So entstand am Ende ein völkerrechtlicher Vertrag aus vielen Dokumenten. Den großen europäischen Verträgen wird daher eine weitere Station gewidmet. Die wertvollsten Dokumente, die in Europa Frieden schufen, sind im Original zu sehen, so etwa die Kapitulationsurkunde des Sultans 1529 und der Westfälische Friede aus 1648. Im Zentrum stehen naturgemäß die Schlussakte des Kongresses, die Europas Grenzen neu zogen, die alte monarchische Ordnung wiederherstellten, aber auch die Ränge der Diplomaten festlegten und den Sklavenhandel abschafften. Vor allem aber schuf der Vertrag einen Frieden in Europa, der fast hundert Jahre hielt. Der Friedensvertrag von Brest-Litowsk, der den Ersten Weltkrieg mit Russland beendete, der Wiener Staatsvertrag von 1955 mitsamt seinem berühmten Bild und Österreichs EU-Beitrittsurkunde komplettieren diese Präsentation.

Der Wiener Kongress fand an vielen Orten Wiens zugleich statt, auch dem trägt die Ausstellung Rechnung: Verhandelt wurde in der Staatskanzlei, dort gab es auch so manches Souper des Außenministers, in den Wohntrakten der Hofburg aber residierte die imperiale Wohngemeinschaft der gekrönten Häupter, in diversen Stadtpalais der engeren Umgebung hatten die großen Delegationen ihr Quartier, in den Festsälen der Hofburg gab man rauschende Empfänge und Konzerte, und die Kirchen wurden für ostentative Gottesdienste genutzt.

Daher werden auch für die Schau mehrere Originalschauplätze genutzt.
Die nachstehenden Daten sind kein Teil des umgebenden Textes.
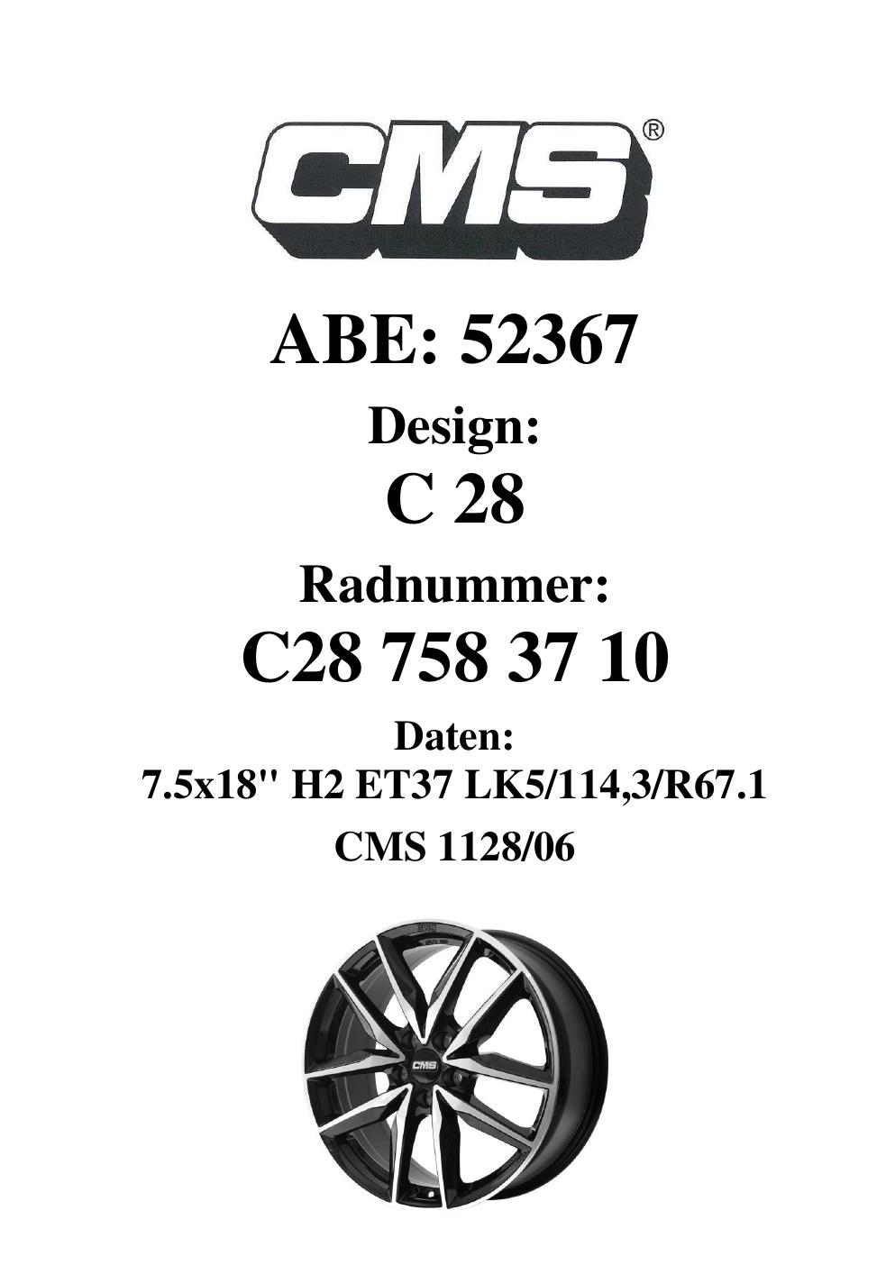 Dieses Gutachten (ABE) bezieht sich auf die Alufelge CMS C28 in der Ausführung 7.5Jx18 ET 0, Mittenloch 0 mm (KBA 52367). Im PDF findest du typischerweise zulässige Reifengrößen, Auflagen/Anbauhinweise und – je nach Dokument – Hinweise zur Eintragung.
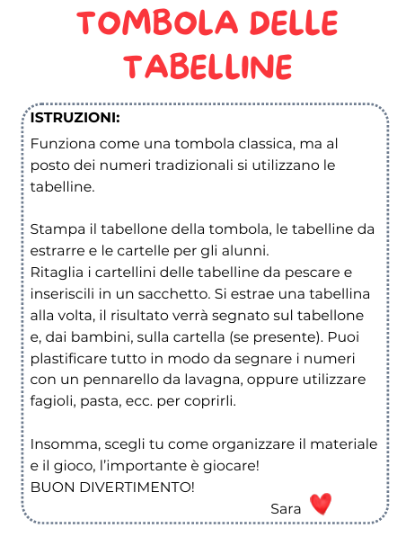 Ecco una tombola completa già pronta per ripassare e consolidare divertendosi le tabelline.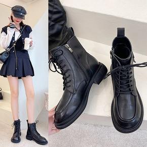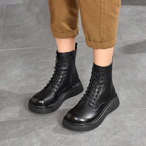 真皮短靴子2021秋季新款英伦风时尚复古休闲皮靴女...

Der Standort Ballhausplatz wird in vier räumlich getrennten, aber inhaltlich eng verbundenen Stationen bespielt. Die Vorgeschichte und der historische und politische Kontext des Kongresses sollen sich im Amalienhof erschließen, in dessen Gästewohnung Zar Alexander logierte.

Ein Gewirr von Grenzbalken und Europas Kleinstaaterei führen in die Vorgeschichte ein. Das Leben zur Zeit des Kongresses, die Begleitumstände, die Wirkungen sind im Parterretrakt der Amalienburg nachzuvollziehen. Den Übergang zum heutigen Europa wird man im Durchgang zum Inneren Burghof passieren - hier bringt die Europäische Union den Weg nach Europa aus ihrer Perspektive ein. In einer kleinen Station mitten im Reichskanzleitrakt der Hofburg "tanzt der Kongress", indem seine filmische Interpretation und Verfremdung zum Objekt eines Kinos gemacht wird. Eine kurze Promenade führt in die alte ehrwürdige Hofburgkapelle zum Thema Musik, um erleben zu lassen, wie der Kongress "klingt", wie Beethoven einbezogen wurde und wie Wien geradezu von einem Kongress-Contest-Fieber erfasst war.
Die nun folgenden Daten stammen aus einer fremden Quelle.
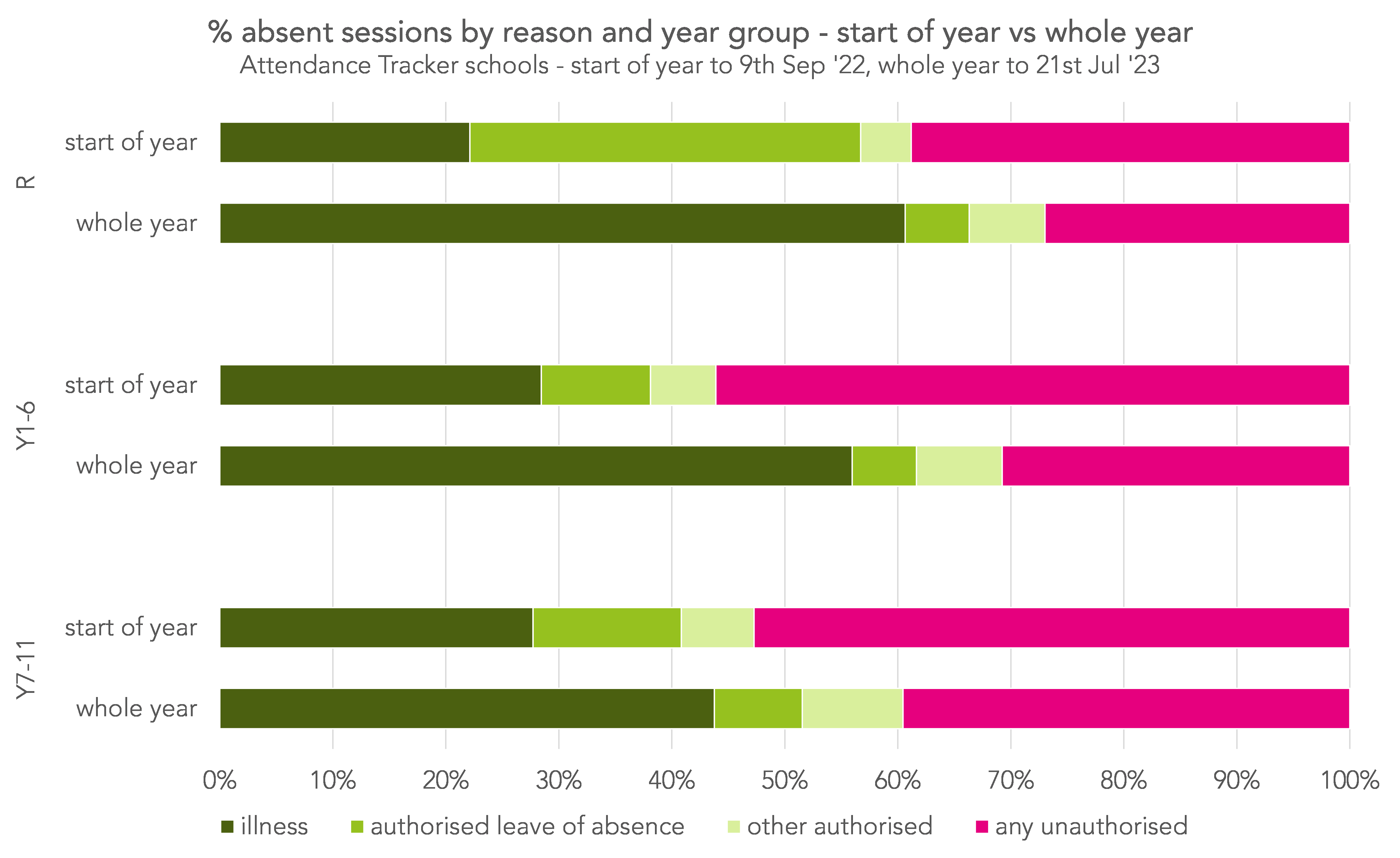 There was less absence recorded due to illness, and slightly more due to “authorised leaves of absence”. Pupils in Reception had much more absence of this type than those in other year groups at the start of the year – around 36% for Reception pupils compared with 10% for Year 1-6 and 13% for Year 7-11.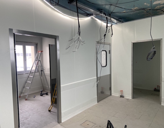 Les travaux d'installation des panneaux et menuiseries isothermes sont finalisés avec l'asservissement des portes de la salle ISO7 mise en service fin 2020.
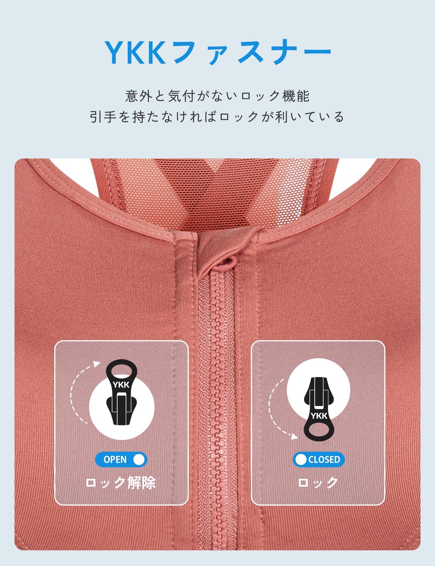 【前開きデザイン】前開きのデザインで、運動後も汗をかいた状態でも簡単に脱ぎ着できます。YKKの自己ロックファスナーを使用しており、運動中でもファスナーが緩むことはありません。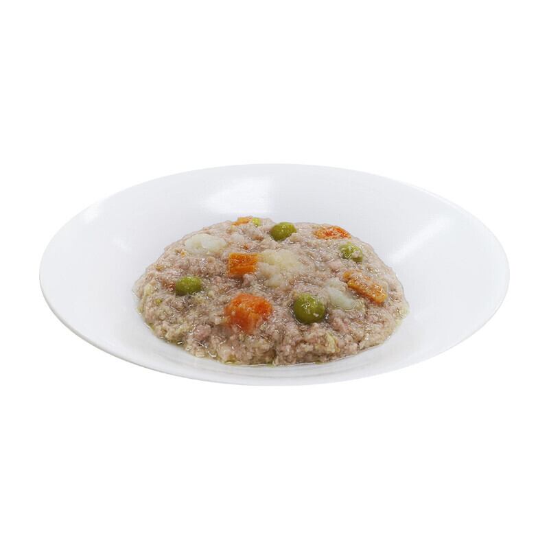 鶏肉に食物繊維を含む野菜(じゃがいも、人参、グリンピース)を加え、食べやすいミンチ状に仕上げました。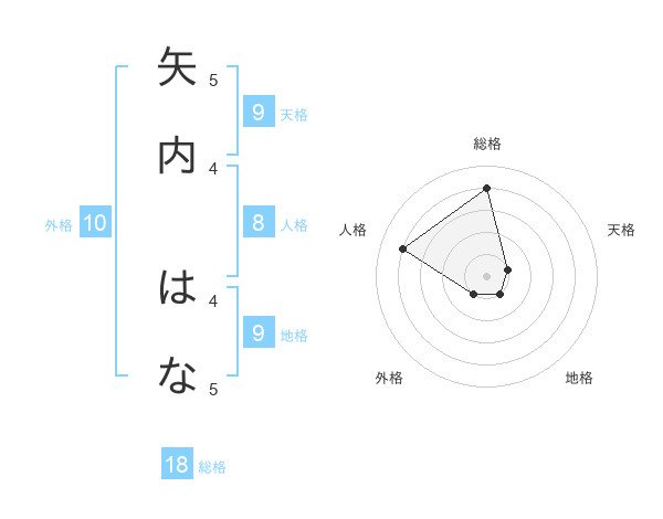 矢内 はなさんの総格は18画の4点!

Oft wurde das Ereignis von 1814/15 auf zwei Vorurteile reduziert, die sein Image prägen: Der Kongress tanzte, aber brachte nichts zuwege, und der konservative Metternich hat bloß eine Restauration der alten politischen Verhältnisse herbeigeführt. Einen Bezug zur heutigen Bedeutung des Kongresses stellt man nur selten her, eine Einordnung in das soziale Leben der Großstadt Wien findet sich überhaupt nicht.

Ganz aktuelle Phänomene

Die Klischeebilder enthalten natürlich einen wahren Kern, gehen aber an der Realität weit vorbei. Die Schau will dazu manches neu beleuchten, was seine Wirkung gegen die Vorurteile nicht verfehlen sollte: Die langfristigen Ziele und Planungen, der gezielte und kluge Einsatz des Begleitprogramms, das Networking und Lobbying ganzer Scharen von Experten und Zuträgern, die Dynamik einer Serie von Gipfeltreffen mit Vorbereitung durch Arbeitsgruppen und Beichtstuhlverhandlungen, die Bereitschaft zu völkerrechtlichen Sanktionen und zur Korrektur innereuropäischer Grenzen und die Wichtigkeit einzelner für ganz Europa charismatischer Individuen in einer labilen historischen Situation sollen erfahrbar werden. Eigentlich sind das alles ganz aktuelle Phänomene europäischer Politik.

Der Autor ist Präsidialchef des Bundeskanzleramtes.